Task statement: Render every line of the data exactly as written, and leave out the pictures.

Dataset content:
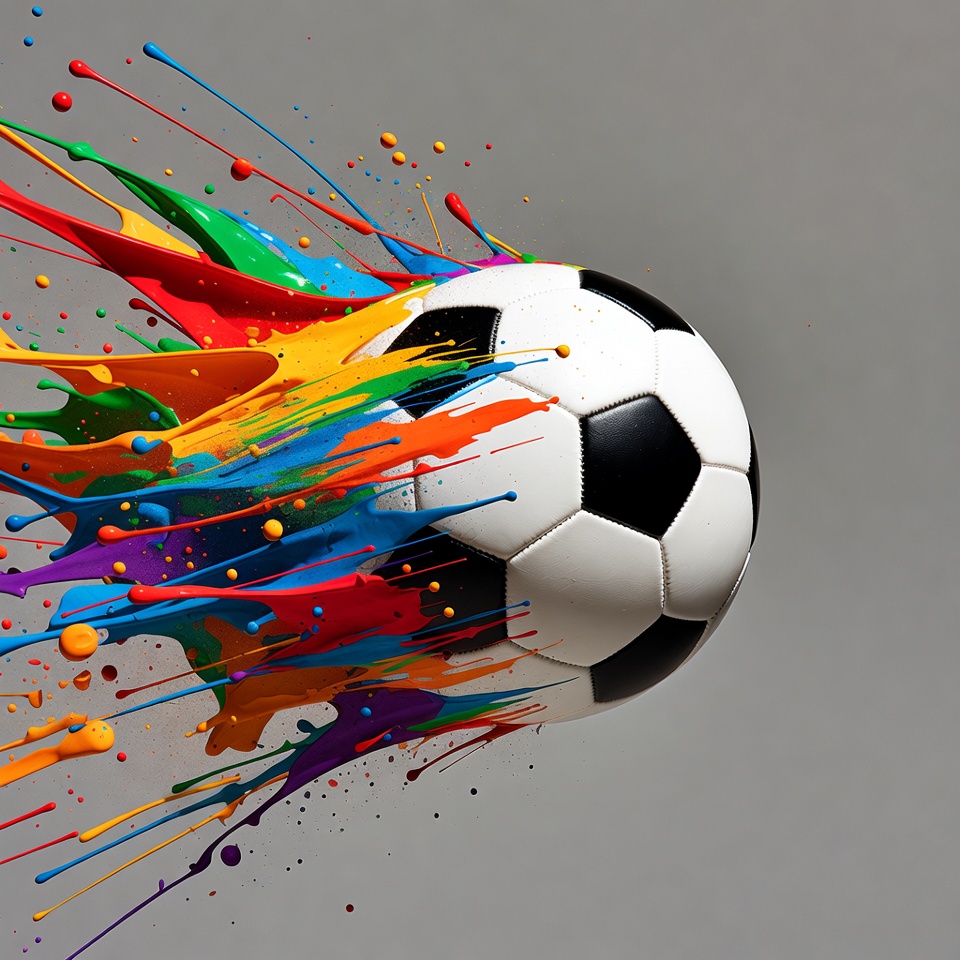 A white soccer ball with black pentagons is centered against a gray background. Vibrant multicolored paint splashes in red, blue, green, yellow, and orange explode dynamically around and behind the ball. The paint creates a sense of motion and energy.
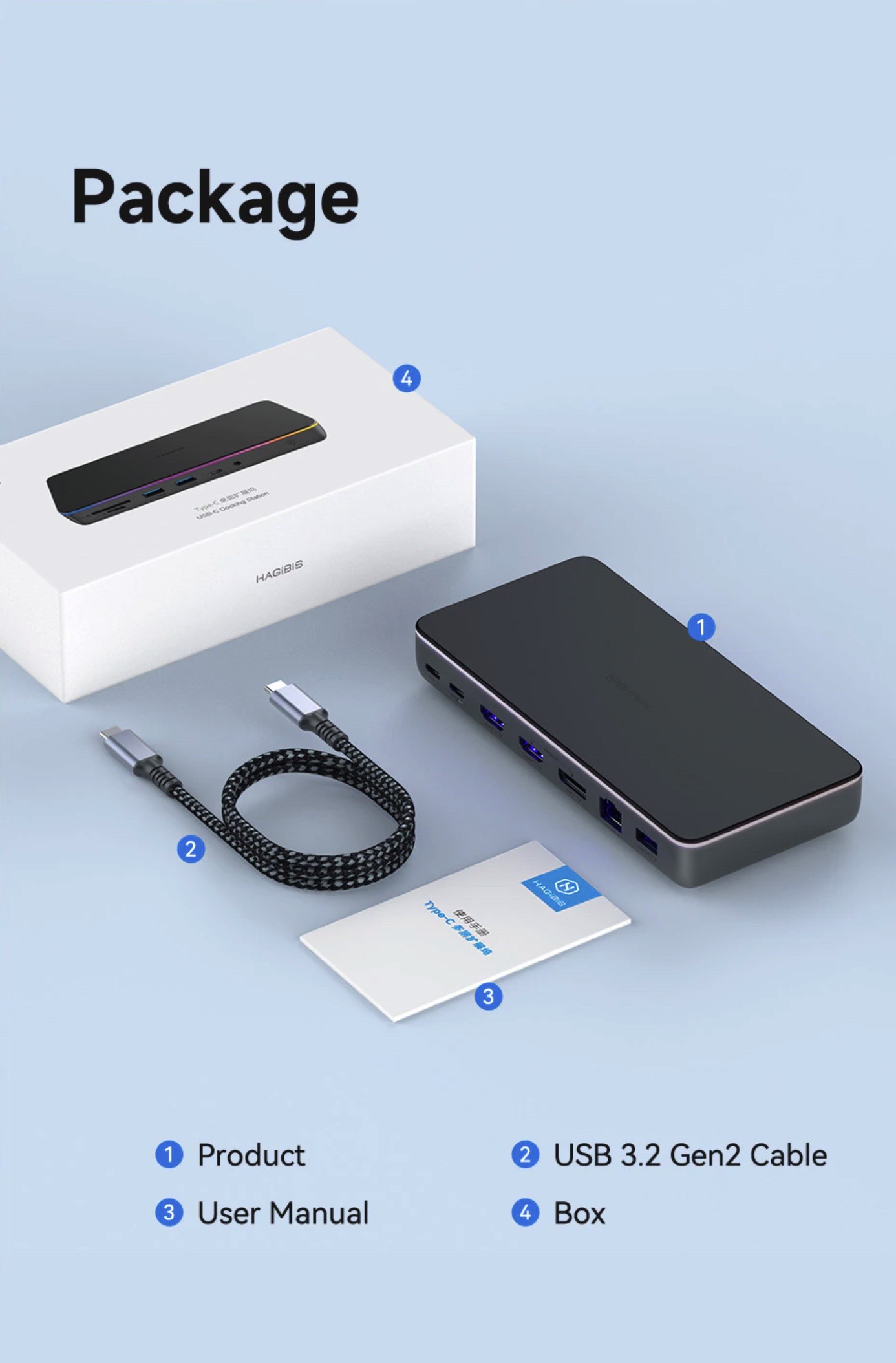อุปกรณ์พ่วงออกสองจอ McBook Pro Air M1 M2 M3 M44 Mcmini M1 M2 M3 M4 Docking Station, Hagibis Dual Monitor 4K 60Hz and 30Hz Dual Display with 3 slot USB port
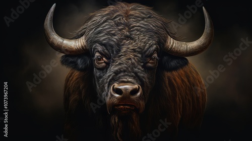 © Kateryna Artamonova, Naklejka premium Painting of a Bison With Majestic Horns. Generative AI.
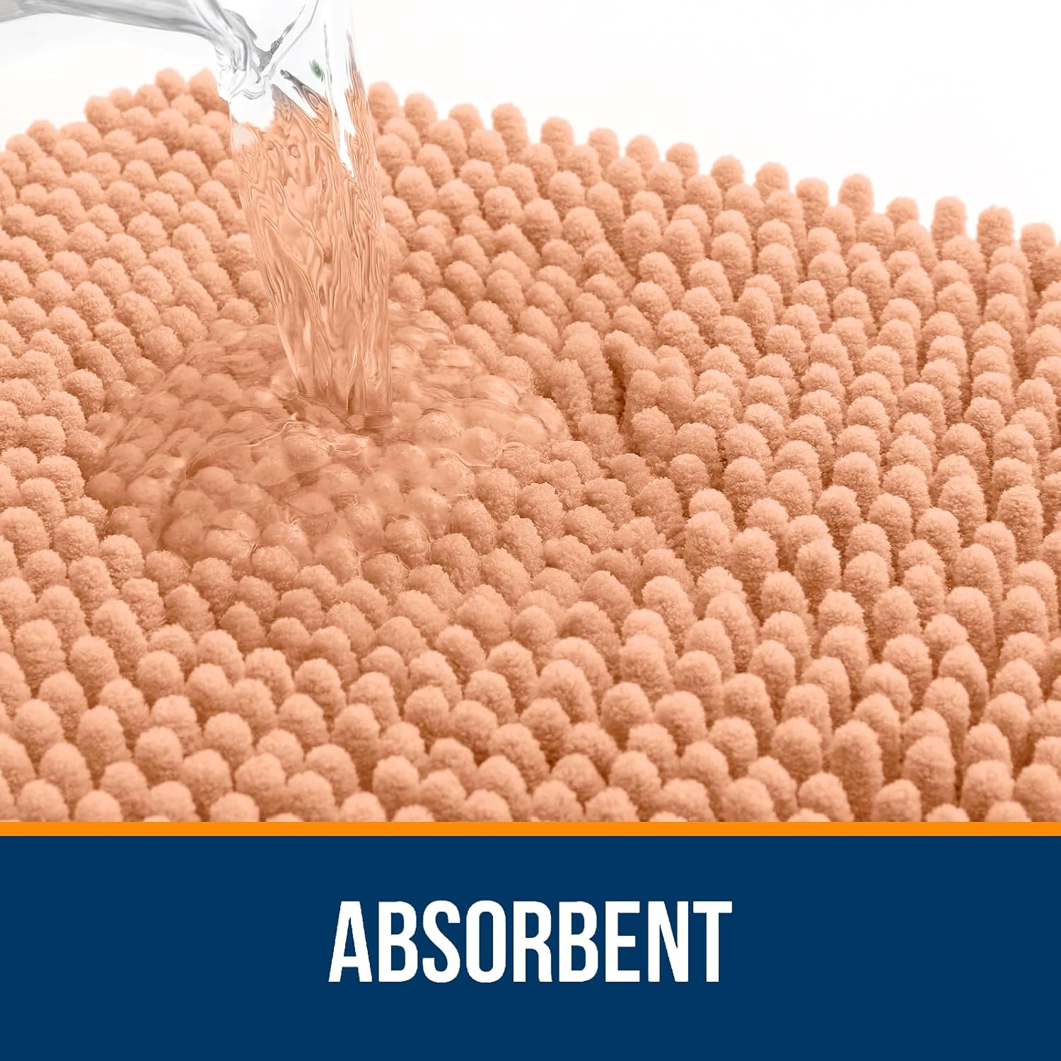 OLANLY Bathroom Rugs 70x24, Extra Soft Absorbent Chenille Bath Rugs, Rubber Backing Quick Dry, Machine Washable Bath Mats for Bathroom Floor, Tub and Shower, Home Decor Accessories, Peach

Written response:
 A white soccer ball with black pentagons is centered against a gray background. Vibrant multicolored paint splashes in red, blue, green, yellow, and orange explode dynamically around and behind the ball. The paint creates a sense of motion and energy.
อุปกรณ์พ่วงออกสองจอ McBook Pro Air M1 M2 M3 M44 Mcmini M1 M2 M3 M4 Docking Station, Hagibis Dual Monitor 4K 60Hz and 30Hz Dual Display with 3 slot USB port
 © Kateryna Artamonova, Naklejka premium Painting of a Bison With Majestic Horns. Generative AI.
 OLANLY Bathroom Rugs 70x24, Extra Soft Absorbent Chenille Bath Rugs, Rubber Backing Quick Dry, Machine Washable Bath Mats for Bathroom Floor, Tub and Shower, Home Decor Accessories, Peach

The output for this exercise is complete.